● Task instructions: Begin at the line containing "金融庁はビッグモーターの損害" and retype each line through the end of the records exactly. Include nothing else and no pictures.

● Stored data entries:
*****

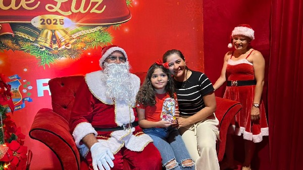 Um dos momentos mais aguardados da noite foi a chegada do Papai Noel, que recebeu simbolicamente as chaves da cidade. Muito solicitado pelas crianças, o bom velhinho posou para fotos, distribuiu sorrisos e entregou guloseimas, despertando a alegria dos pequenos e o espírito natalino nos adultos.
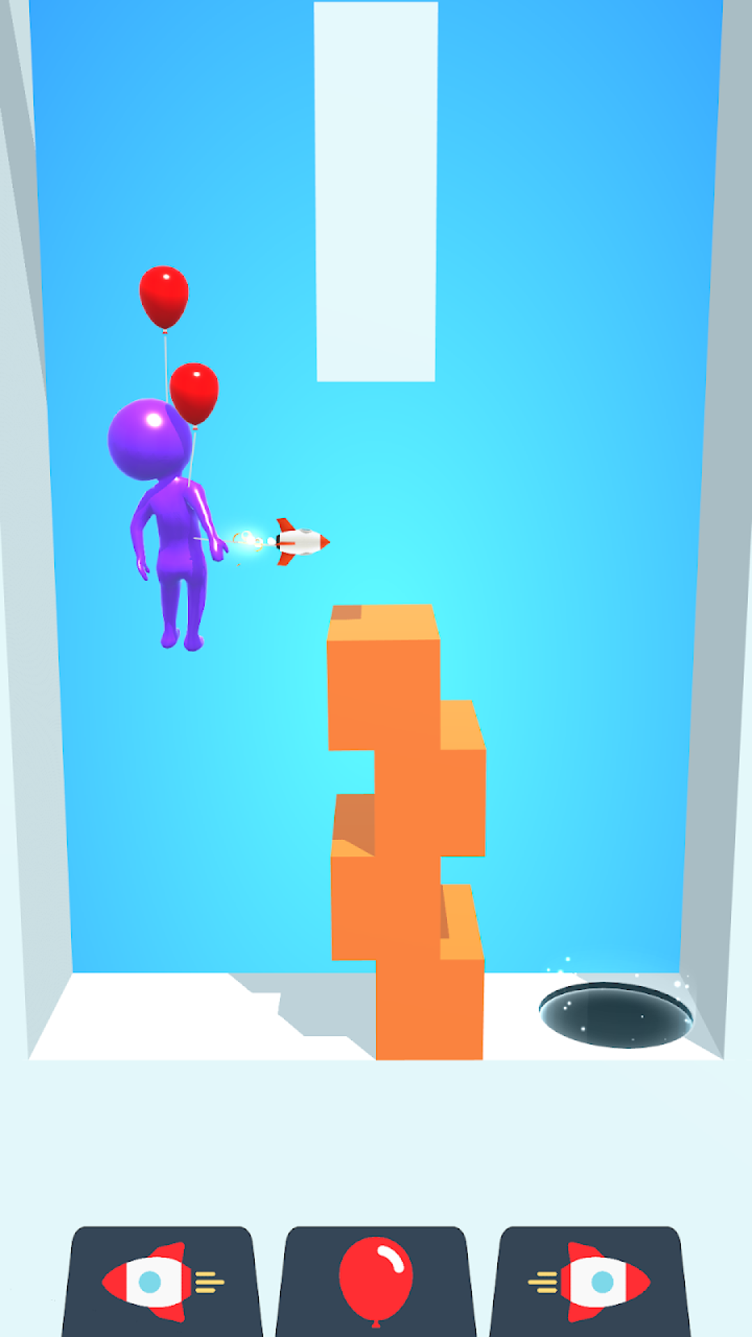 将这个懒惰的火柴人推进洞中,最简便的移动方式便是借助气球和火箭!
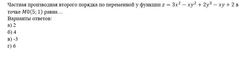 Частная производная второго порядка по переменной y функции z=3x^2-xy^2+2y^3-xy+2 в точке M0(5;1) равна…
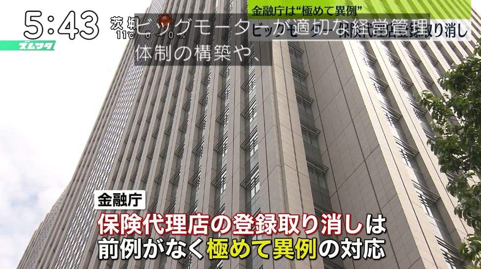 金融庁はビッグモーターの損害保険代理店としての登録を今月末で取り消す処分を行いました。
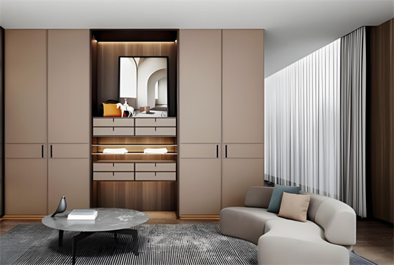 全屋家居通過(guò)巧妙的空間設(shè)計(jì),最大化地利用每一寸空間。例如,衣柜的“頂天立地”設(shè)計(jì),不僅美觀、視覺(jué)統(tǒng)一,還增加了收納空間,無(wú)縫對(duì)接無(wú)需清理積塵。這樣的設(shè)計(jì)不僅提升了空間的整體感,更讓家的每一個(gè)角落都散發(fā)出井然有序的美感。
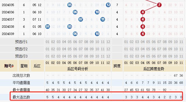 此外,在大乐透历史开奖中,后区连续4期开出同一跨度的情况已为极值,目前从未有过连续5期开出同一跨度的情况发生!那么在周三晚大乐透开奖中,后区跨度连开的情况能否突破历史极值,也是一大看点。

*****

● Solved exercise:
 金融庁はビッグモーターの損害保険代理店としての登録を今月末で取り消す処分を行いました。
 全屋家居通過(guò)巧妙的空間設(shè)計(jì),最大化地利用每一寸空間。例如,衣柜的“頂天立地”設(shè)計(jì),不僅美觀、視覺(jué)統(tǒng)一,還增加了收納空間,無(wú)縫對(duì)接無(wú)需清理積塵。這樣的設(shè)計(jì)不僅提升了空間的整體感,更讓家的每一個(gè)角落都散發(fā)出井然有序的美感。
 此外,在大乐透历史开奖中,后区连续4期开出同一跨度的情况已为极值,目前从未有过连续5期开出同一跨度的情况发生!那么在周三晚大乐透开奖中,后区跨度连开的情况能否突破历史极值,也是一大看点。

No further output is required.